● TASK TO COMPLETE: Repeat exactly the lines of the entries below from the one with "Je nach Alter" through the one with "Auch für Jüngere", both ends included, and nothing else.

● DATASET ENTRIES:
--- START ---

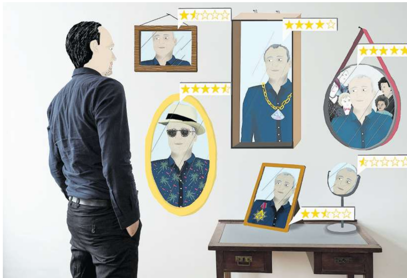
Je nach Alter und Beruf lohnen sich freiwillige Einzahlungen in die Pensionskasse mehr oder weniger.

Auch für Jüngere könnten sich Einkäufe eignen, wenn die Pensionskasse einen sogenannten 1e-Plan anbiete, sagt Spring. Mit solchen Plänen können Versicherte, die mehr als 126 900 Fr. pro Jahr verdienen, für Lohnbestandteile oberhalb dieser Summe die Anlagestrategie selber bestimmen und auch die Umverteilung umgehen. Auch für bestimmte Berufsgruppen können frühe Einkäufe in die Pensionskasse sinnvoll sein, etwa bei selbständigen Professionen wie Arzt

--- END ---
--- START ---

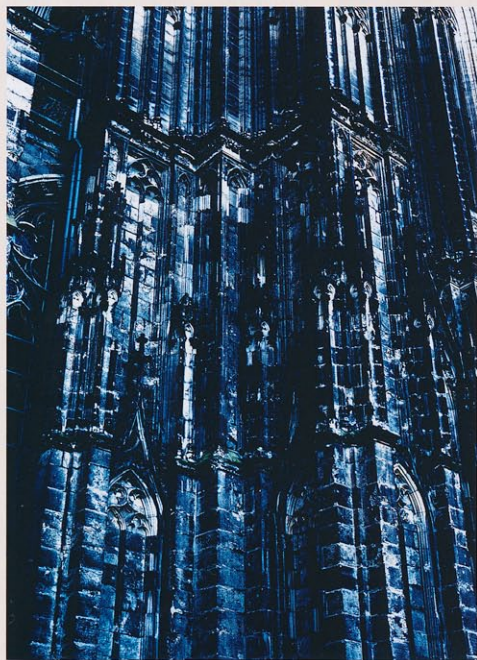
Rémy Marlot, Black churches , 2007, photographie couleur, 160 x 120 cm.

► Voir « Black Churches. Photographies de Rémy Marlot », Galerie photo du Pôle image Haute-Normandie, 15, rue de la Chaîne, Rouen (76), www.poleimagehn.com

--- END ---

● COMPLETED EXERCISE:
Je nach Alter und Beruf lohnen sich freiwillige Einzahlungen in die Pensionskasse mehr oder weniger.

Auch für Jüngere könnten sich Einkäufe eignen, wenn die Pensionskasse einen sogenannten 1e-Plan anbiete, sagt Spring. Mit solchen Plänen können Versicherte, die mehr als 126 900 Fr. pro Jahr verdienen, für Lohnbestandteile oberhalb dieser Summe die Anlagestrategie selber bestimmen und auch die Umverteilung umgehen. Auch für bestimmte Berufsgruppen können frühe Einkäufe in die Pensionskasse sinnvoll sein, etwa bei selbständigen Professionen wie Arzt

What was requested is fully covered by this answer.